Another jock role for Keanu

Keanu Reeves didn't make the cut as a quarterback in The Replacements, so forgive us if another jock role in Hardball doesn't excite much. This time, the game is baseball with Reeves playing Conor O'Neill, a ticket scalper, gambler and alcoholic corralled into coaching a Chicago inner-city Little League team. Think The Bad News Bears meets Dangerous Minds. Diane Lane -- sweeter here than in The Glass House -- co-stars as the obligatory love interest who will be impressed with Conor's turnaround while handling the kids. Hardball was screened too late for Weekend review.

The usual rise and fall

Mariah Carey gets her first lead movie role in Glitter, but it isn't much of a stretch.
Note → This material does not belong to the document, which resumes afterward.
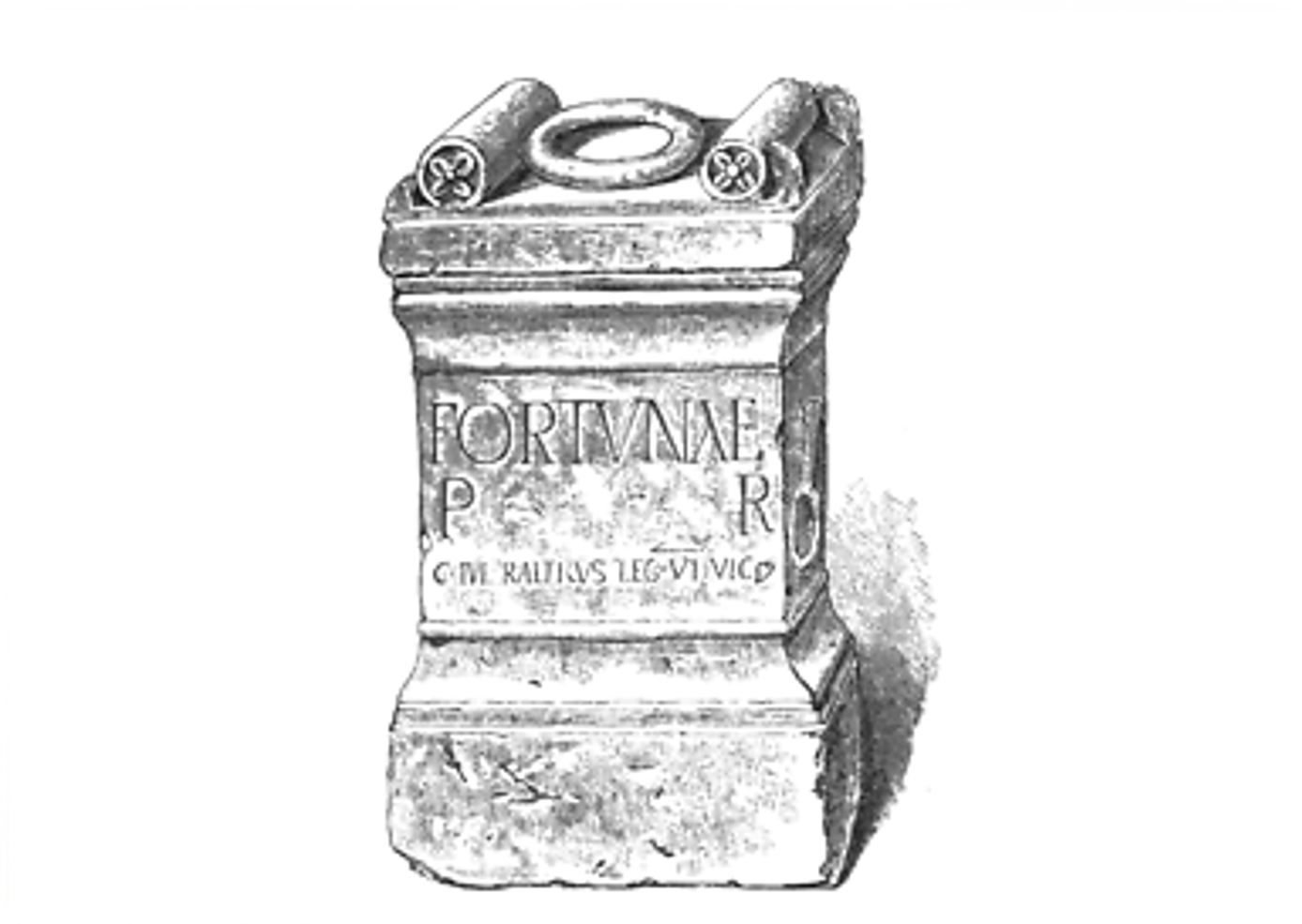 Altar dedicated to the Fortune of the Roman People and Gaius Julius Raeticus, centurion of the Sixth Legion Victrix. Find 1717 in a hypocaust inside Vindolanda fort. Formerly in the Chapter Library, Durham, now (1995) in the Museum of Archaeology, Durham.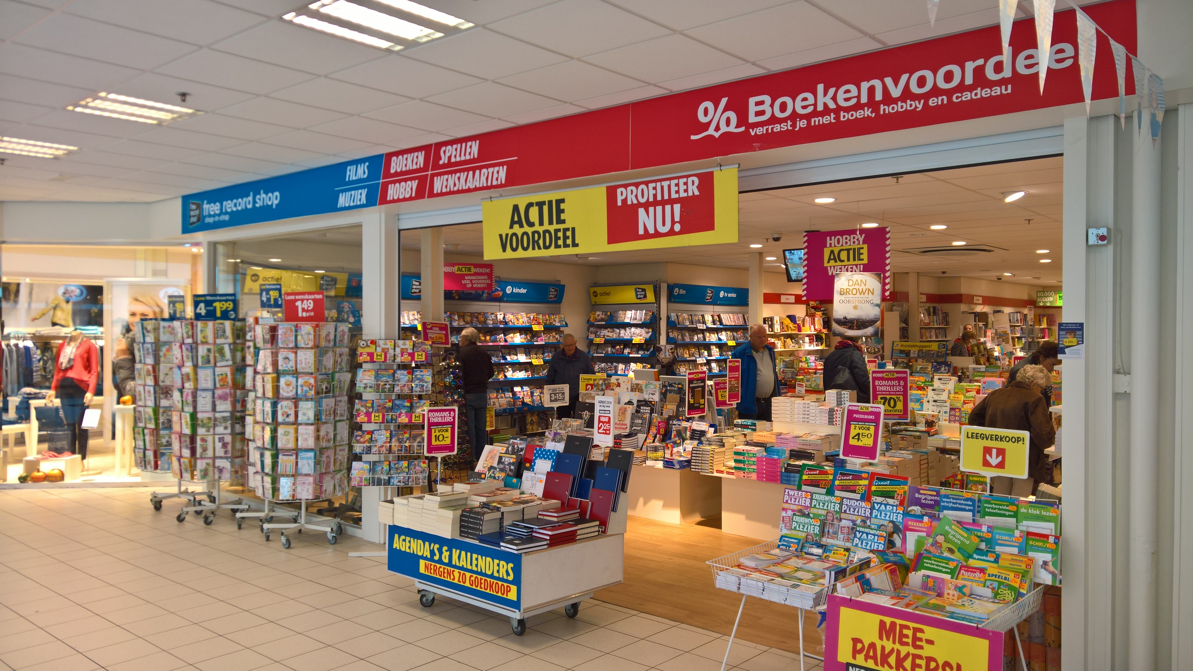 A Boekenvoordeel book 📚 store with a Free Record Shop shop-in-shop.

Carey plays Billie Frank, an aspiring pop singer going through the usual rise and fall mechanics of show-biz fantasies. Billie overcomes a sad childhood and gets discovered by a nightclub disc jockey (Max Beesley) who becomes her lover and manager. That is, until Billie's multi-octave voice wows a record producer (no, not Tommy Mottola) who steals her away. Glitter's original release date last month was postponed when Carey admitted herself to a hospital for treatment for a nervous breakdown. Movies like Glitter are guaranteed to have happy endings. Real life isn't. Glitter screened too late for Weekend review.